Page 42 of The Family Corleone


  Vito said, “Think, Sonny. Please. Use your head.” He clapped his hands over Sonny’s face, gave him a shake, and let him go. “What good does Emilio Barzini dead do for us? Then we’re fighting Carmine Barzini and the Rosato brothers—and Mariposa.” When Sonny didn’t answer, Vito continued: “With Emilio alive and Mariposa dead, when we finish dividing up Mariposa’s territories—there will be five families, and we’ll be the strongest of the five. That’s our goal. That’s what we need to be thinking about—not killing Emilio.”

  “Forgive me, Pop,” Sonny said, “but if we went after all of them, we could be the only family.”

  “Again,” Vito said, “think.
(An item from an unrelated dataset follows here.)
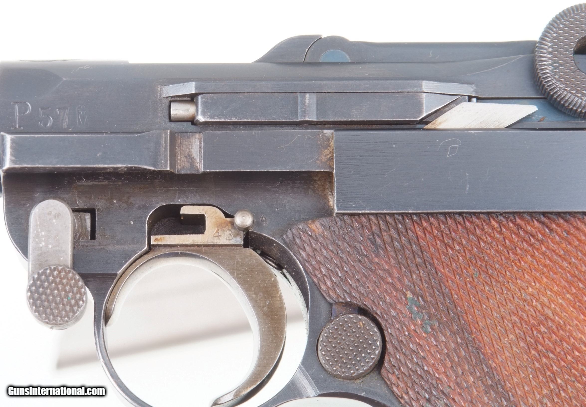 Standard M1906 Cross in Shield military with 4 ¾” barrel having a drift adjustable front sight and fixed V-notch rear sight. Deeply impressed cross in shield over chamber with usual DWM over middle toggle link. Full serial number under barrel and on forward frame. Numbered small parts are all matching, including the grips, each with an impressed “3”. Magazine with tinned body and walnut base marked with a “2”. Pistol was decommissioned in 1957 as refected by “P57” marked on the left side of the receiver.

Even if we could win such a war, what happens after? The newspapers will make us out as monsters. We make bitter enemies of the relatives of the men we kill.” Vito leaned into Sonny and put his hands on his shoulders. “Sonny,” he said, “Sicilians never forget and they never forgive. This is a truth you must always keep in mind. I want to win this war so that we can have a long peace afterward and die surrounded by our families, in our own beds. I want Michael and Fredo and Tom to go into legitimate businesses, so that they can be rich and prosperous—and unlike me and now you, Sonny, they won’t always have to worry about who will be trying to kill them next. Do you understand, Sonny? Do you understand what it is that I want for this family?”

  Sonny said, “Yeah, Pop, I understand.”

  “Good,” Vito said, and gently brushed Sonny’s hair back off his forehead. When a door opened behind them, Vito touched Sonny’s shoulder and pointed to the light switch by the door.
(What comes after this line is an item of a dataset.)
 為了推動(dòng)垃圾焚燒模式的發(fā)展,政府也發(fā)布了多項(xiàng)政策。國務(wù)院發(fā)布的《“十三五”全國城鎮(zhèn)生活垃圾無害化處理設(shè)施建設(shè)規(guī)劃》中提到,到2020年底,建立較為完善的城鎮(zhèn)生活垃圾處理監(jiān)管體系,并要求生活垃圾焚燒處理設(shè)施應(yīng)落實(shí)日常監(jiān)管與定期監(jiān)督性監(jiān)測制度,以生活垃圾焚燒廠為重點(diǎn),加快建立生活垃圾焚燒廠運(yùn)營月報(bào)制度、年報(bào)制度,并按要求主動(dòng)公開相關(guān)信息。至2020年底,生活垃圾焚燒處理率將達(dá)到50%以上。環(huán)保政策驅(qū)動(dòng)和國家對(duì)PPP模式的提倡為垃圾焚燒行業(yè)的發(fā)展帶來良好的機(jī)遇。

  Sonny turned on the lights and Clemenza entered the room.

  To Sonny, Vito said, “There’s much to do in the coming days.” He touched Sonny’s arm again. “We must be on guard for treachery.” He hesitated and appeared to be caught in a moment of indecision. “I’m going to leave now,” he said, and glanced once toward Sonny and quickly looked away, almost as if he was afraid to meet his eyes. “Treachery,” he said again, softly, whispering a warning to himself, and then he raised a finger and nodded to Clemenza and Sonny, as if to emphasize the warning. “Listen to Clemenza,” he said to Sonny, and he left the room.

  “What’s going on?” Sonny asked.

  “Aspett’,” Clemenza said, and he closed the door gently behind Vito, as if being careful not to make too much noise. “Sit down.” He pointed to the two facing chairs where Sonny had sat a few minutes earlier with his father.

  “Sure,” Sonny said. He took a seat and crossed his legs, making himself comfortable. “What’s this about?”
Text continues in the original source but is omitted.